2. Earnings growth for the top 500 companies

These are likely to bottom out by Q4 end. Markets are likely to be in the region of 25000-26000 Nifty if the bottoming out happens as per our expectation. Inflationary pressures are there in the US which make it difficult for interest rate cuts to be there. The benefit of that is higher earnings which is likely to be seen next financial year.

3. Liquidity and fund flows

Sip flows continue to be strong and hence downside risk is limited. This continues to be a good enabler of liquidity every month. flows will come on a stock specific basis. Stocks across the spectrum are likely to benefit from that once bottoming out has happened.

4. GST collection growth year on year

Year on year basis December GST has grown by 7.3% .It has fallen from initial double digit percentage on account of social spending.

5. Credit growth

Credit growth has been in the region of 10-12% with major banks and NBFC’s.with the rural recovery in consumption it is expected that businesses will make good use of credit to grow with the recovery.

6. International factors on account of President Trump

President Trump is likely to look at tariff barriers by India and China seriously. If he raises tariffs inflation will need to be borne by the US Consumer which may not be good from interest rate cut point of view. A reciprocation would be expected as is the case with any economic diplomacy.

7. Interest rate cuts -both internationally and in India

It depends to the extent which US imposes tariffs. If the US imposes higher tariffs then inflation will be imported by them resulting in slimmer chances of a rate cut.if inflation in India is higher then we may also see less of rate cuts.

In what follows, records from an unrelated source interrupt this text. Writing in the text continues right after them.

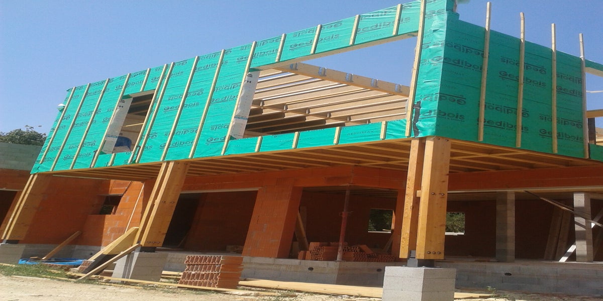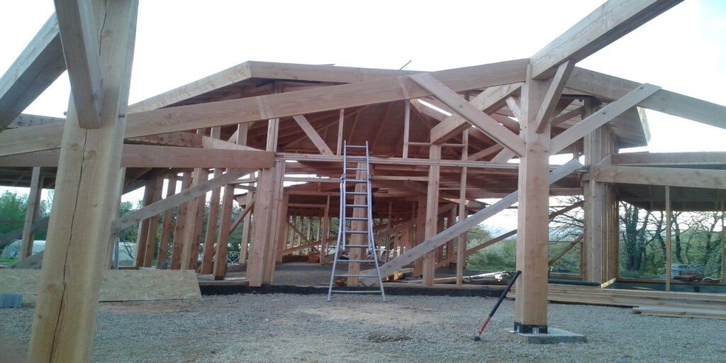 Nous avons réalisé: la totalité de la structure bois murs, planchers et toitures, toutes isolations y compris complément support d'enduits, couvertures, étanchéités et zingueries.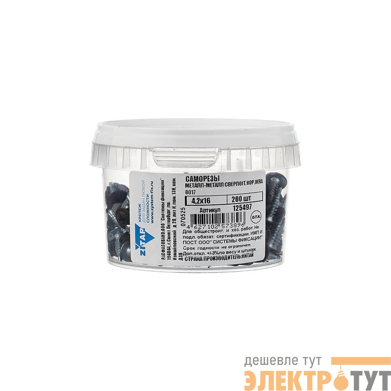 125497 | Саморез ШСММ сверло 4.2х16 темн./корич. KP RAL 8017 (уп.200шт) Tech-Krep/Zitar
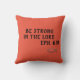 Vermelho, Poliéster, travesseiro decorativo quadrado com citação de Escritura e peixe ilustrado. A citação é do Livro Bíblico dos Ephesianos. O peixe é o símbolo secreto dos primeiros cristãos usados para se identificarem e se reunirem sem perseguição.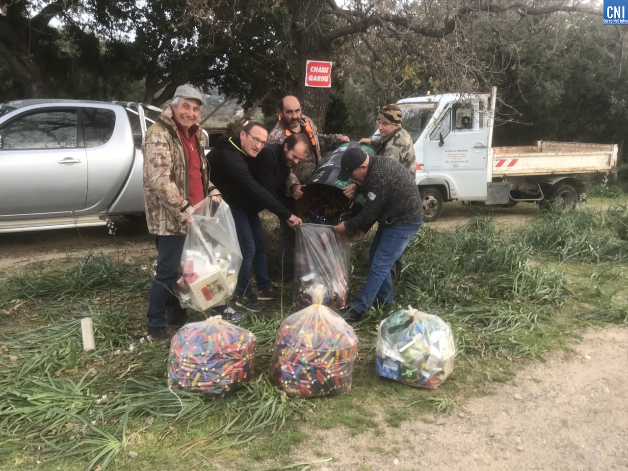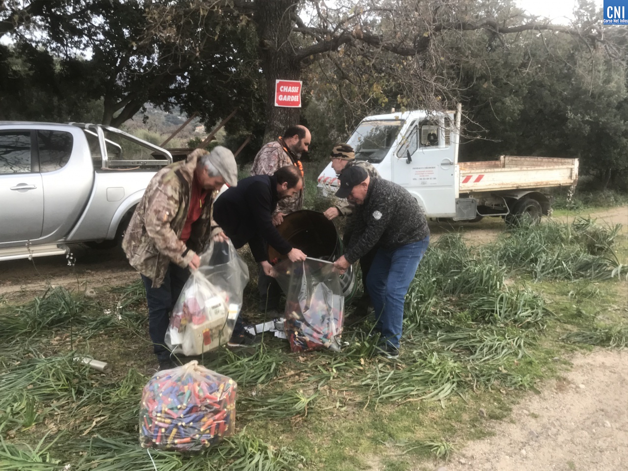 En cette fin de saison de chasse à la grive mais également au sanglier, celle ci ayant été prolongée d'un mois, les chasseurs de la plaine d'Aregnu ont souhaité se mobiliser afin de nettoyer les environs. Récolter les cartouches usagées sur le terrain et permettre également à qui le souhaitait, de les ramasser et les déposer dans des récipients prévus à cet effet.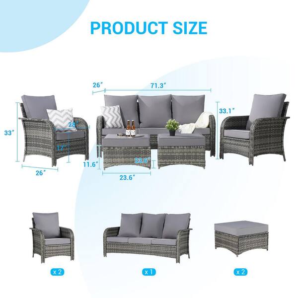 7-Piece Brown Wicker Patio Conversation Sofa Set - Outdoor Sectional Seating Set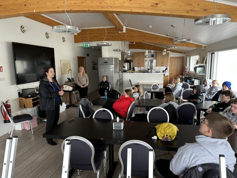 Á Eskifirði var hluti af hópnum í sjávarútvegskóla unga fólksins eins og áður nefndi. Það eru þær Katrín Axelsdóttir og Guðdís Benný Eiríksdóttir, nemar í sjávarútvegsfræðum, sem hafa umsjón með skólahaldinu á Austfjörðum í sumar.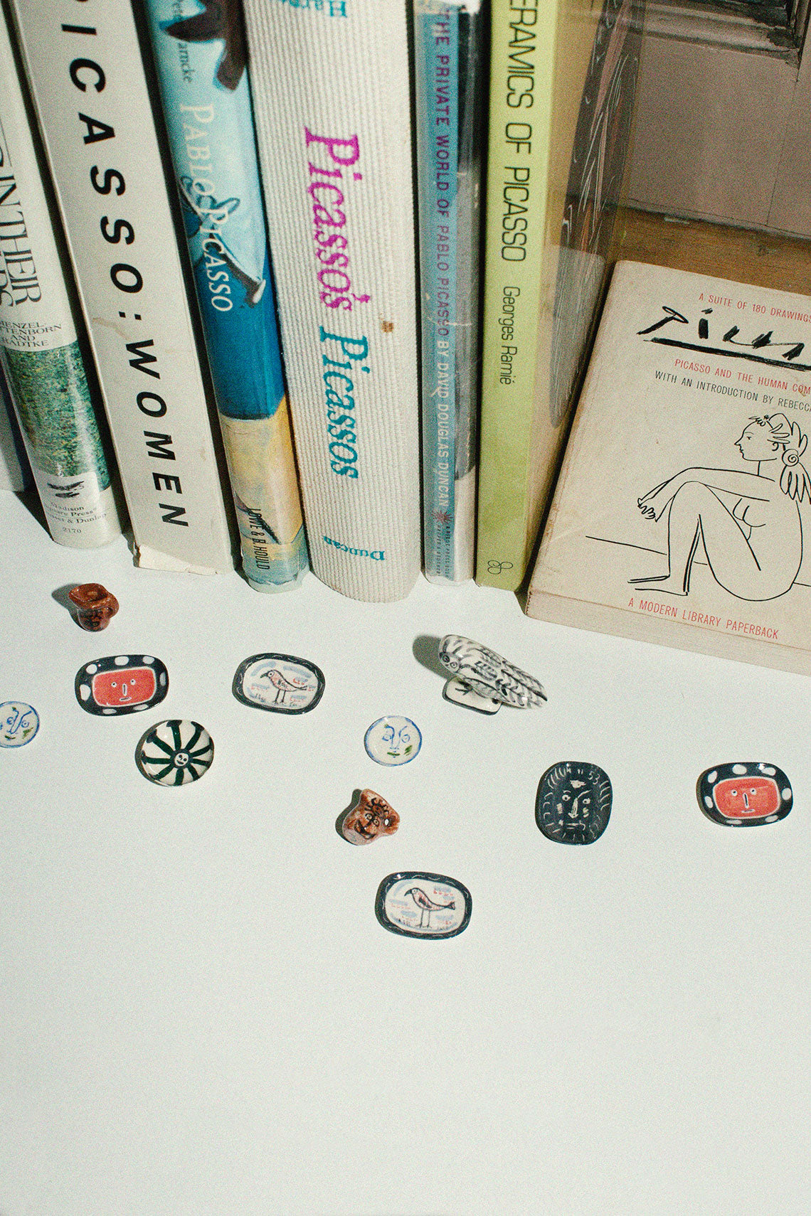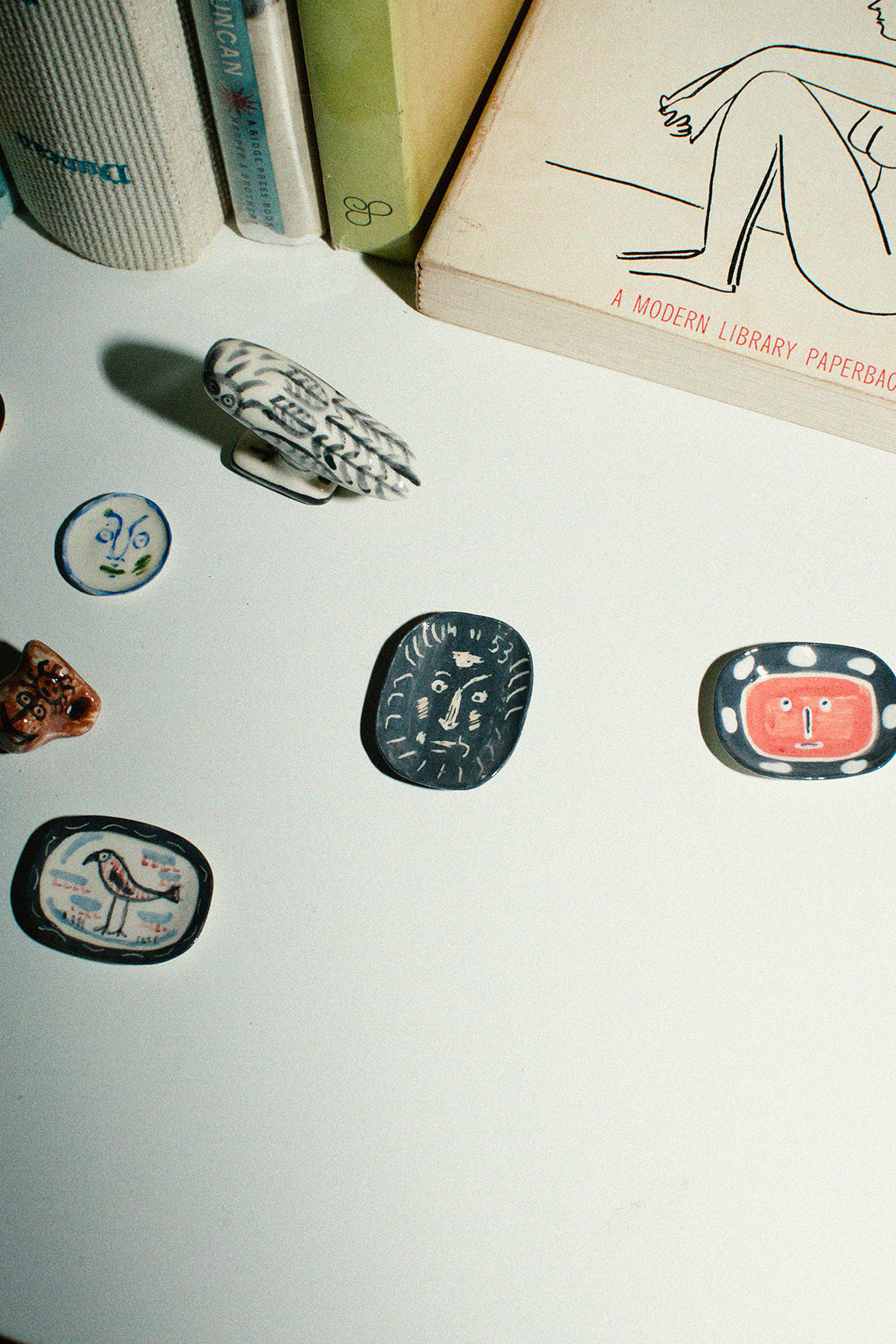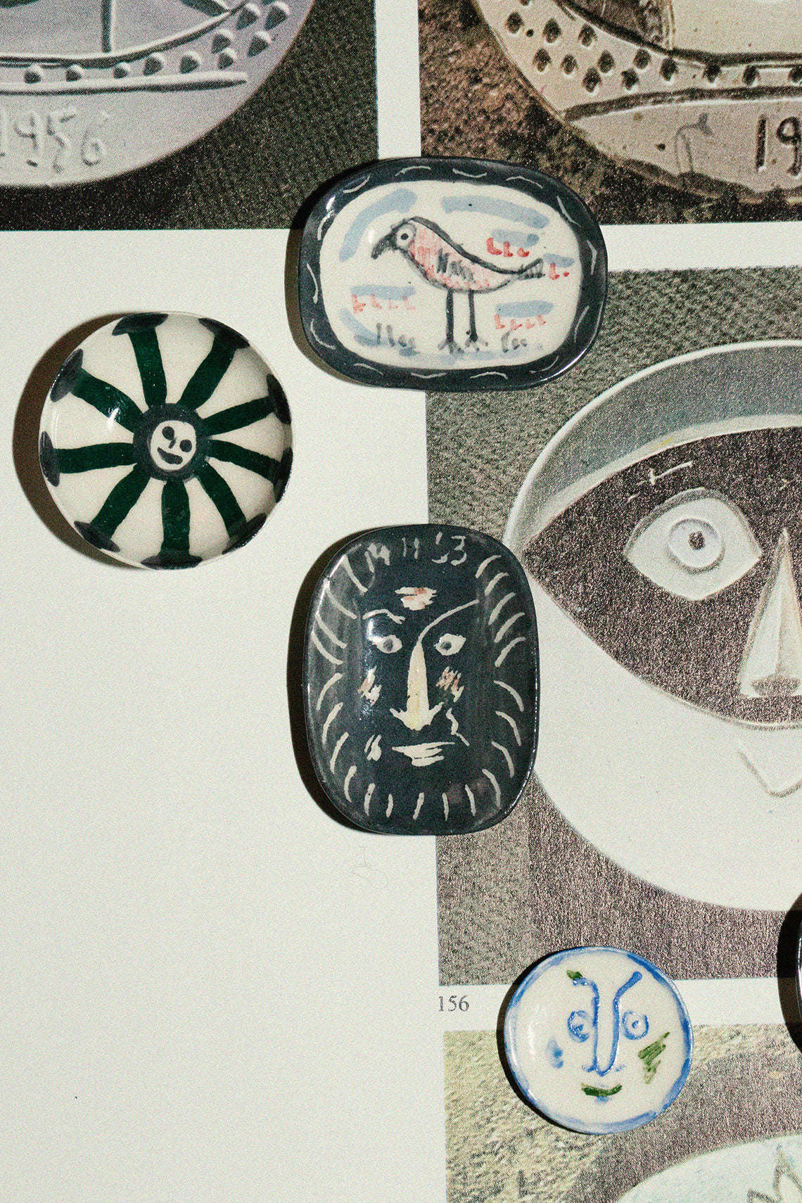 Tiny Picasso-inspired ceramic platter with black & white face. All items are handmade from start to finish, using clay, underglaze paint, several glazes, china paint. Measures 1" by 1 1/4".  Very fragile.

8. Narrative of the budget in India

Most of the key states elections are over .if the socialist tendencies continue to influence the government even more then capex will be impacted. That said the fine print needs to be seen to be believed.

This year is more of a stock pickers market rather than being dominated by any particular trend.Flexicap as a category is likely to do well along with large and midcap in Mutual Funds and pooled vehicles. Carpe Diem!